Lan Wangji is less than a perfect example of the Gusu clan's discipline and Wei Wuxian is not quite the evil Yiling Patriarch.
Both are more than meets the eye.
This is about how Lan Zhan sees it and how his life is irrevocably changed.

Notes:

Ughhh names. This is like tolkien/silmarillion fandom all over again. I guess I could've used Wangji and Wuxian?? But I've settled on Lan Zhan and Wei Ying since this is about them up close and personal. And it's shorter (JK).

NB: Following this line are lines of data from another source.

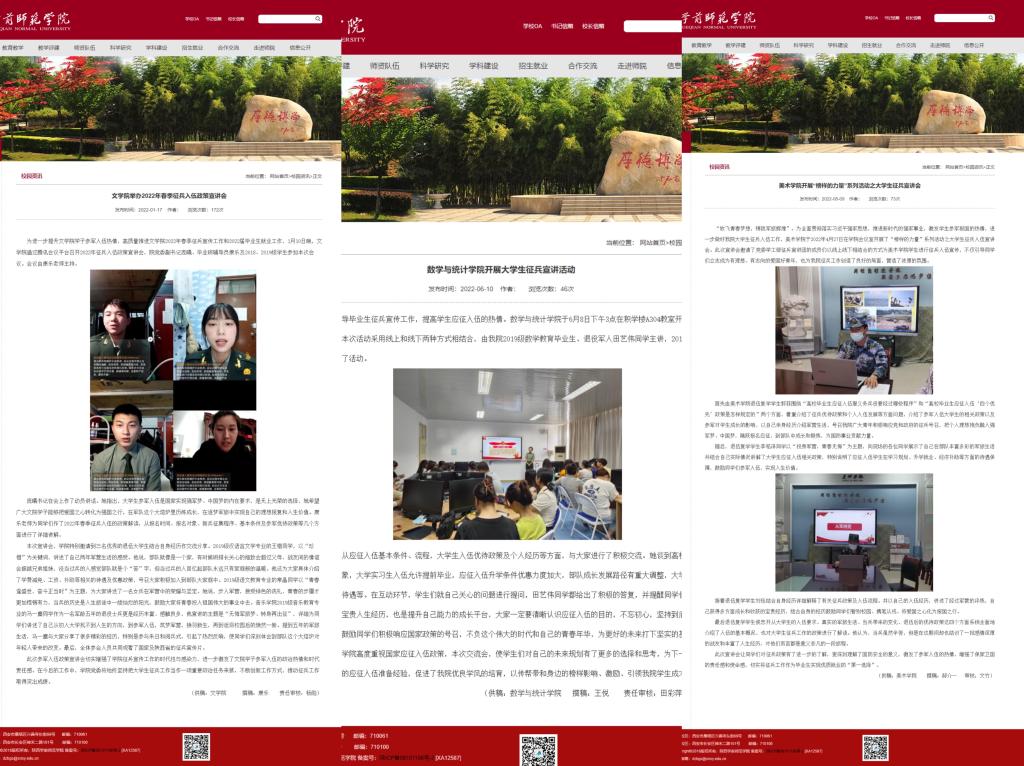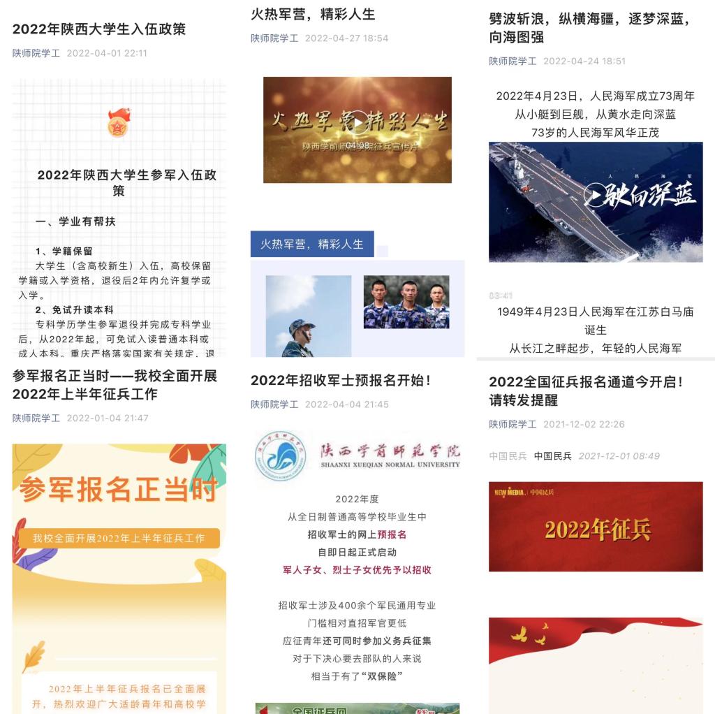征兵宣传全方位。为充分发挥好“新媒体矩阵”宣传辐射优势,学校采用多种新媒体宣传平台发布征兵相关政策和工作动态,点对点向全校每一位毕业生推送征兵报名通知、征兵报名流程、征兵政策解读等;通过校园网、微信公众号、校园广播、电子显示屏等进行征兵宣传,在校园醒目位置张贴宣传海报和条幅,印制发放《bat365中文官方网站征兵宣传手册》等;筹划制作了征兵宣传片《我们在军营等你》,并被陕西省征兵办公室官方平台头版头条转发,全方位、立体化进行征兵宣传,营造参军入伍的浓厚氛围。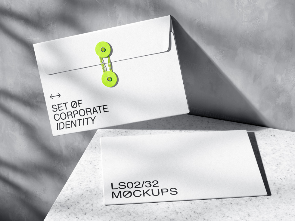 极简主义信封品牌设计提案贴图展示样机模板素材 Qubus: Brutal Stationery Mockups
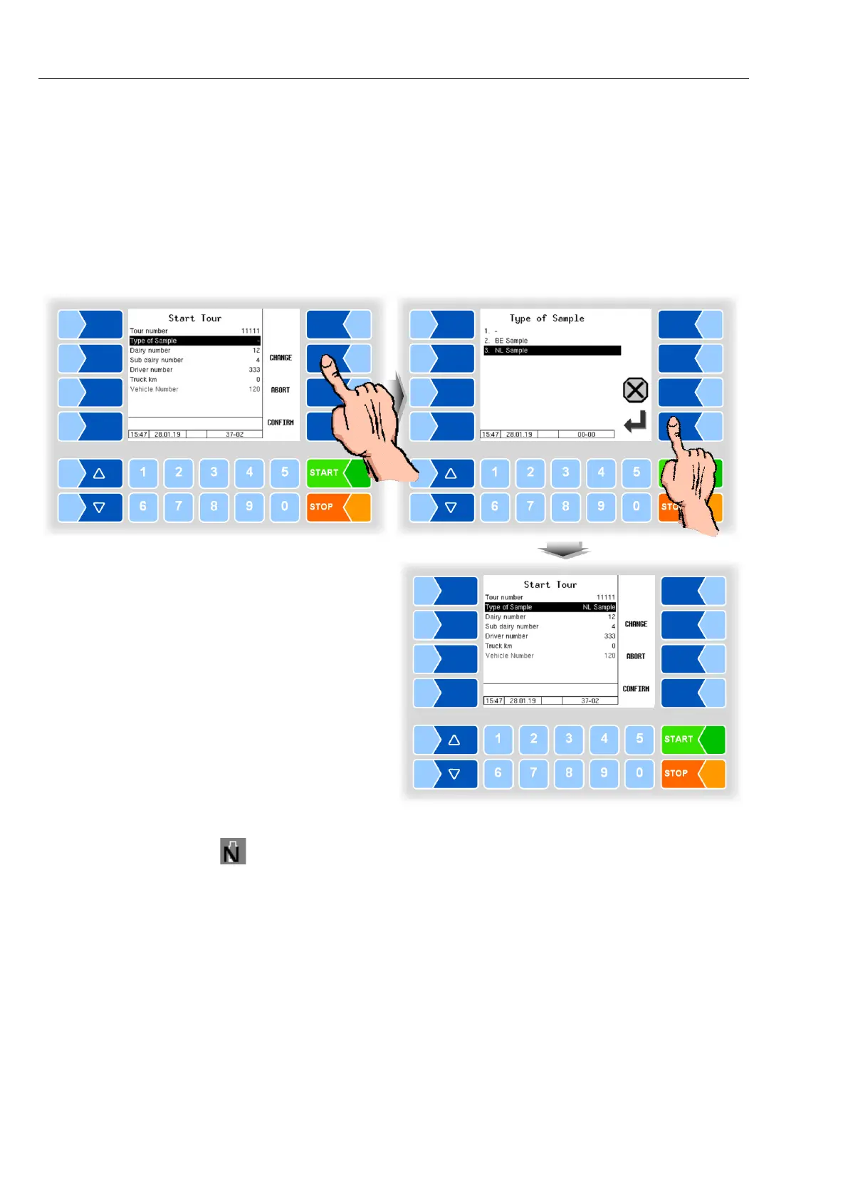 ● Select the sample type "NL Sample" at tour start.

The Untamed devoured my life. I had to do some freeform getting-my-thoughts-on-this-dynamic-on-paper writing.
My tumblr is strigimorphaes.
That's all.

Work Text:

“One! Two! One! Two!”

As his sword cuts through the air, Lan Zhan knows every pair of eyes in the courtyard is on him. Rows and rows of disciples practice combat. Their teachers have doubtlessly told them to follow the example of Lan Wangji, one of the Twin Jades, one who seems as cold as the Wall of Discipline itself.

“One! Two!”

Lan Zhan moves from one pose to the next. The other members of his clan follow. He is the text they copy. He holds every clear-cut rule in his mind and lets them guide his sword with perfect form. In the library he has written every word in ink; here, his sword carves the characters in the air.  

He remains in the courtyard after the exercise. He stands still, knowing that even after the cultivators have dispersed, there are eyes. His father might watch from this or that window, his brother from an open doorway over there. There’s always someone.

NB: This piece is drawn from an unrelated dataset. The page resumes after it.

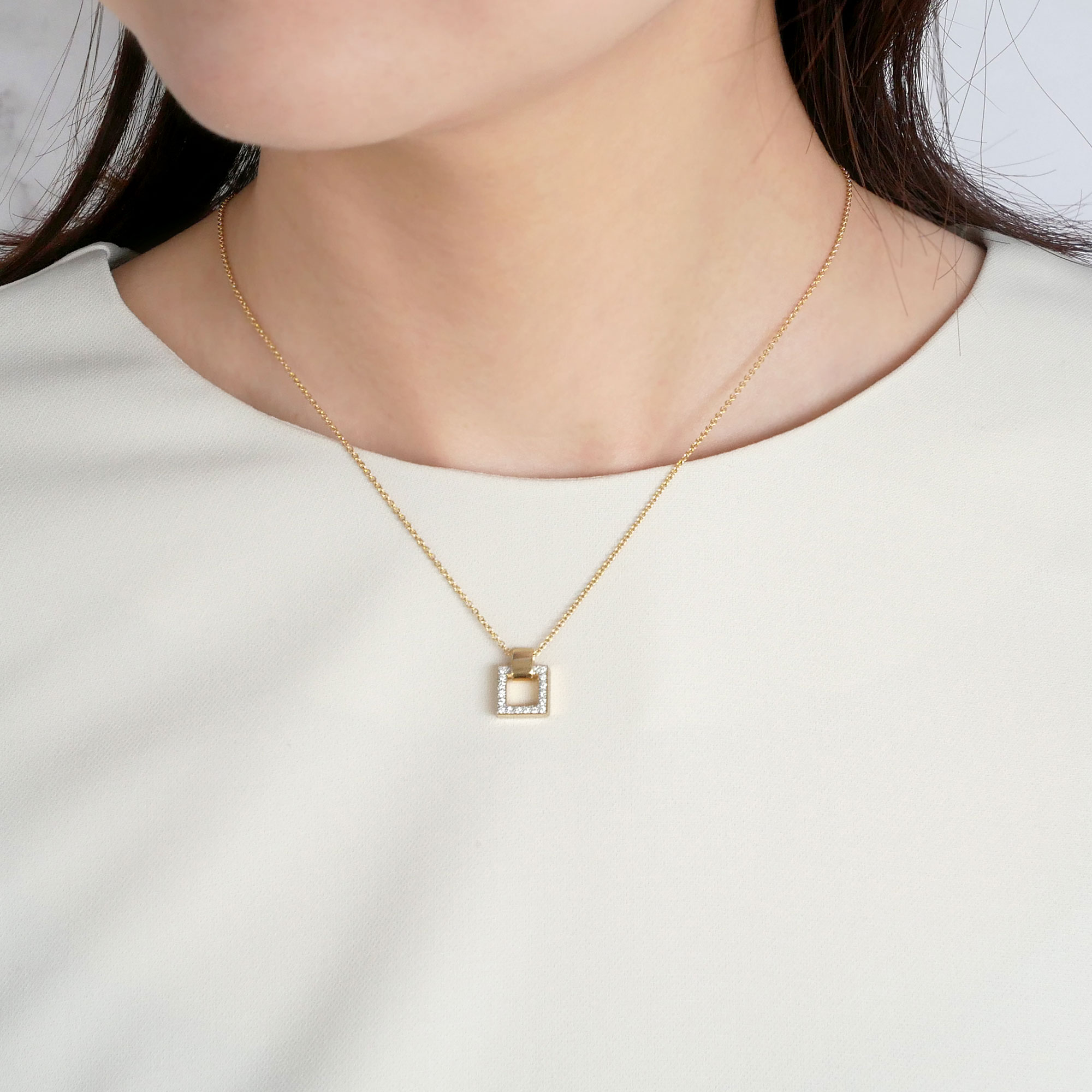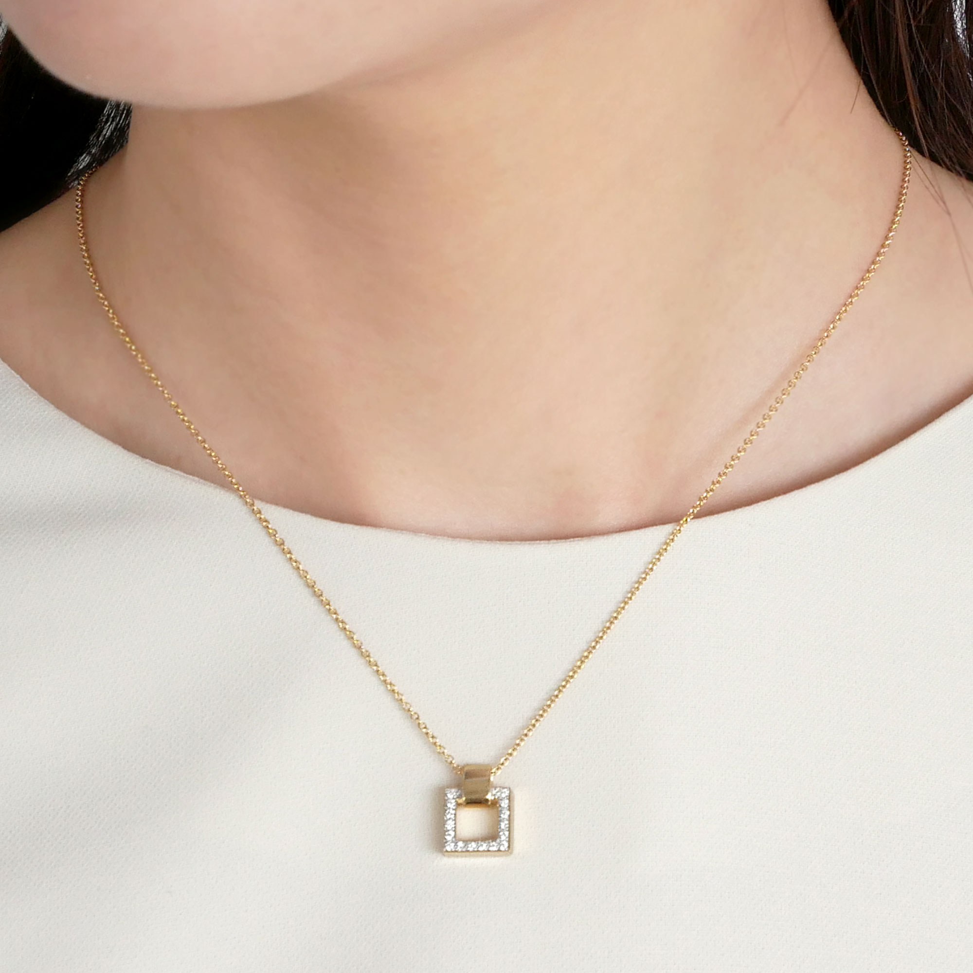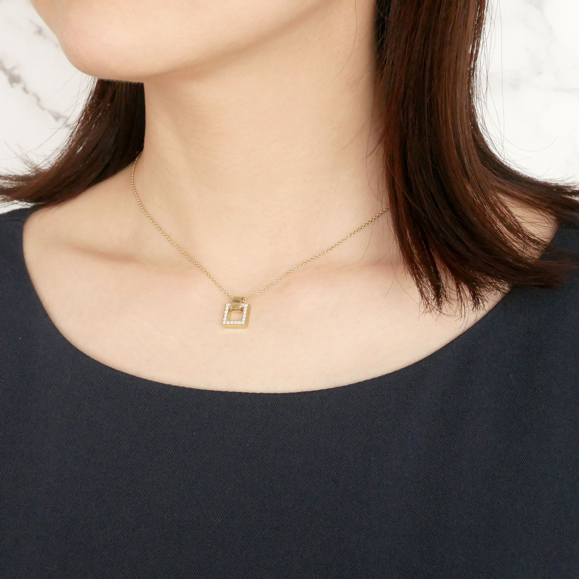 シャープなスクエアモチーフを、ダイヤモンドのきらめきでエレガントにアレンジしたネックレスです。

The chatter of men headed from one lesson to another rises and fades in the halls and covered walkways.

Causing noise is prohibited, Lan Zhan thinks. Do not use frivolous words.

A bird takes flight, scared by a loud laugh. The sky is a fragile light blue. There are still many hours left in the day, hours as empty as the courtyard around him.

In Gusu the days blend together: Each morning finds Lan Zhan in the same way and each evening dies at the prescribed hour. Between these two chimes of a distant bell there is nothing but a white expanse that is sometimes the sky above, sometimes a piece of paper, a blank page. Time is measured in laws written, read and followed.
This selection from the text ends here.